If a taxi driver refused to transport someone with a guide dog on the basis of a religious belief then this will infringe the rights of people with a disability who use guide dogs, and their right to access public transport free from discrimination.
Could a medical professional refuse IVF treatment to same sex couples or a lesbian woman citing personal or religious beliefs about the sexual orientation of parents?
Again, medical professionals provide services to the public and are obliged to provide services free from discrimination on the basis of sexual orientation.  A refusal to provide medical services in these circumstances will infringe the right to non-discrimination.
The role of determining whether human rights have been breached under a Charter should be resolved by a competent Court or Tribunal, as is the case under Anti-Discrimination legislation.

10. How would a Commonwealth Charter operate in relation to State laws?
Pursuant to s 109 of the Australian Constitution, a Commonwealth Charter would prevail over State laws where there is an inconsistency between a State law and the Charter, and where the Charter intends to cover the field.  If it is an ordinary Act of Parliament it would apply in the same way as Commonwealth legislation and the usual Constitutional rules would apply.
Another issue that is worth noting arose from the case of Commonwealth of Australia v Anti-Discrimination Tribunal (Tasmania) [2008] FCA 104: http://www.austlii.edu.au/cgi-bin/sinodisp/au/cases/cth/FCAFC/2008/104.html?query=Nichols
This case involved a complaint of disability discrimination under the Act against Centrelink.  The complainant complained about the lack of accommodations made for his disability (i.e. by providing a chair) when he was using the customer service centre.  The Full Court of the Federal Court found that the State Anti-Discrimination Tribunal (Tas) does not have jurisdiction to receive federal jurisdiction because it is not a Court of the State and panel members do not have tenure. This was an interesting case because the AHRC would have had jurisdiction to deal with the matter, only it was not possible for the complainant to refer the matter there as he was dying.  Kenny J was critical of the Commonwealth in pursuing such a straightforward matter that could have easily been settled between the parties.
Part of this decision came down to the interpretation of s 4 of the Act which states: “This Act binds the Crown in the right of Tasmania and, so far as the legislative power of Parliament permits, in all its other capacities”.

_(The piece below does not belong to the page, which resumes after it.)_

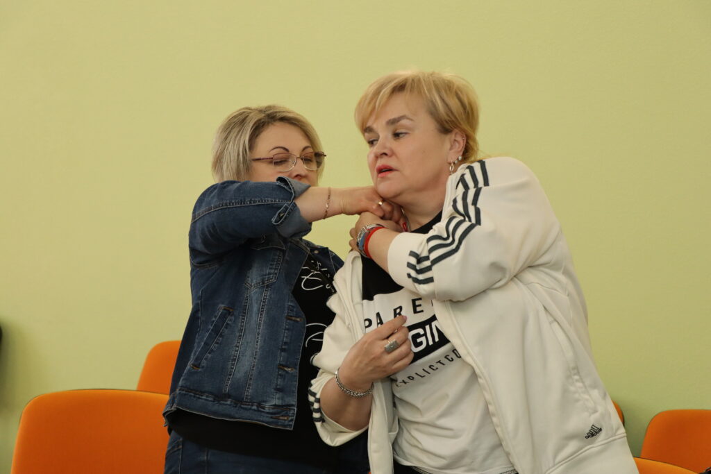 Найважливіше в цьому тренінгу — практика. Учасники/-ці відпрацьовували навички у парах, відпрацьовували серцево-легеневу реанімацію на манекені, ознайомилися з роботою дефібрилятора, спробували свої сили на тренажері-жилеті для тренування прийому Геймліха.

This case raises issues of access to justice in relation to the interplay between State and Federal laws. One way to resolve this issue is to ensure that State legislation is drafted in such a way as to expressly bind the Commonwealth and for State Tribunals to ensure that members have tenure and other features associated with being a Court are met.  It is acknowledged that this may be beyond the scope of this Committee.
It would also be important to ensure that a Commonwealth Charter of Human Rights be drafted as broadly as possible to apply to State based activities.  Where any gaps exist, States that have not done so already should introduce Human Rights Charters.
11. Conclusion
In addition to the suggestions made for improving human rights, this office strongly supports a legislative model that allows enforcement of rights through the Courts, in order to bring about meaningful, substantive social change in the area of human rights.  A Charter of Human Rights will also support and strenghten some of Australia’s existing obligations under various international treaties, particularly where Australia has not introduced domestic laws in accordance with international law.